◆ Exercise objective ◆
Would you write out each line of the material below exactly, skipping every picture?

◆ Source data ◆
=-=-=-=-=

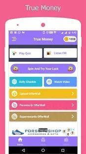 True Money have lots of option for earn money like Spin win, Play simple quiz, Daily Check in, Watch video and offers walls. True money is very easy to use every one can use and earn real money.
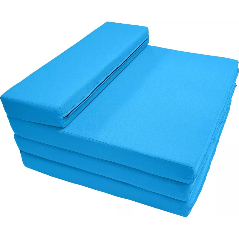 This trifold foam bed is made of a high density white foam 1.8 Pounds Per Cubic Foot in order to increase the foam life, more durable and resilient while using. It is easily to keep this foam bed in a closet, storage, a car or a van. When using, just simply fold out this foam bed right on the floor to sleep on, it makes for an efficient use for any small living space and easily to move around the house or to travel. It is an ideal to have this foam bed for family reunion, picnics, sleepover guests, students, children playing games, camping, traveling, taking a nap, massage, yoga meditation, exercise .... This trifold foam bed is known as a shikibuton, it is foldable and portable, conveniently used and placed in a guestroom, living room, bedroom, family room, office, garage, dining room, playroom, nursery room, exercise room, patio, studio, dormitory, mobile home, camper, traveler, trailer, RV, workspace, van, truck and also bring it along in your car to anywhere. Being folded into the different positions, this folding foam bed is able known as the following functions like folding mattress, floor bed, tatami, ottoman, shikibuton, trifold foam bed, mat, couch, chair, or RV mattress, good to sleep, sit, rest, nap, play, relax, travel and camp.  It is perfect to use these tri folded foam beds for multi users such as students, adults, kids, teens, sleepovers, guests, friends, children, travelers, campers, visitors, boys or girls.
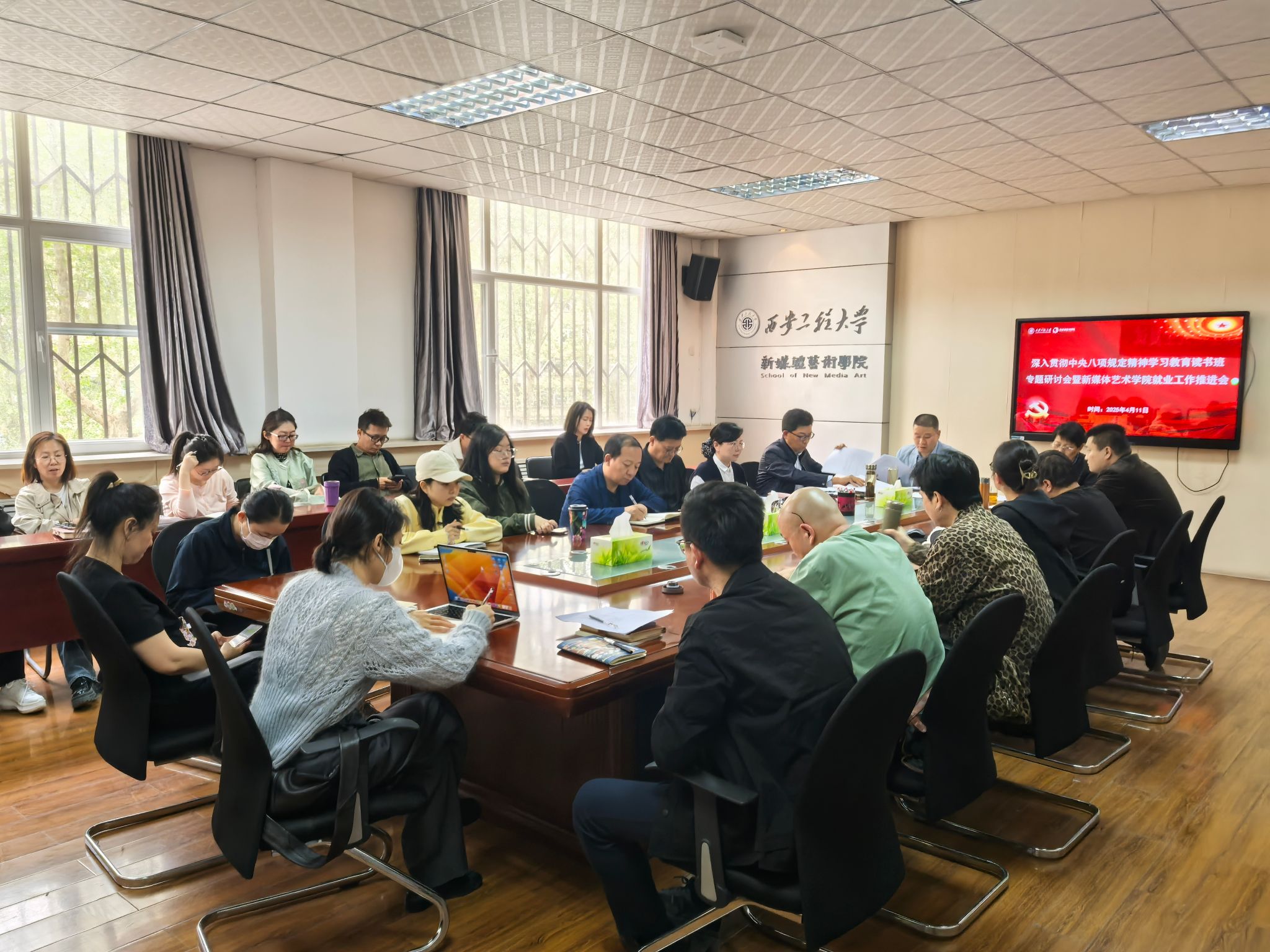 4月11日下午,91av 党委深入贯彻中央八项规定精神学习教育,召开专题研讨会,研究推进学院就业工作。学院党委班子成员、各党支部书记、各系办负责人、研究生导师、研究生辅导员、本科毕业班辅导员参加会议,会议由学院党委书记张瑾主持。

=-=-=-=-=

◆ Reply ◆
 True Money have lots of option for earn money like Spin win, Play simple quiz, Daily Check in, Watch video and offers walls. True money is very easy to use every one can use and earn real money.
 This trifold foam bed is made of a high density white foam 1.8 Pounds Per Cubic Foot in order to increase the foam life, more durable and resilient while using. It is easily to keep this foam bed in a closet, storage, a car or a van. When using, just simply fold out this foam bed right on the floor to sleep on, it makes for an efficient use for any small living space and easily to move around the house or to travel. It is an ideal to have this foam bed for family reunion, picnics, sleepover guests, students, children playing games, camping, traveling, taking a nap, massage, yoga meditation, exercise .... This trifold foam bed is known as a shikibuton, it is foldable and portable, conveniently used and placed in a guestroom, living room, bedroom, family room, office, garage, dining room, playroom, nursery room, exercise room, patio, studio, dormitory, mobile home, camper, traveler, trailer, RV, workspace, van, truck and also bring it along in your car to anywhere. Being folded into the different positions, this folding foam bed is able known as the following functions like folding mattress, floor bed, tatami, ottoman, shikibuton, trifold foam bed, mat, couch, chair, or RV mattress, good to sleep, sit, rest, nap, play, relax, travel and camp.  It is perfect to use these tri folded foam beds for multi users such as students, adults, kids, teens, sleepovers, guests, friends, children, travelers, campers, visitors, boys or girls.
 4月11日下午,91av 党委深入贯彻中央八项规定精神学习教育,召开专题研讨会,研究推进学院就业工作。学院党委班子成员、各党支部书记、各系办负责人、研究生导师、研究生辅导员、本科毕业班辅导员参加会议,会议由学院党委书记张瑾主持。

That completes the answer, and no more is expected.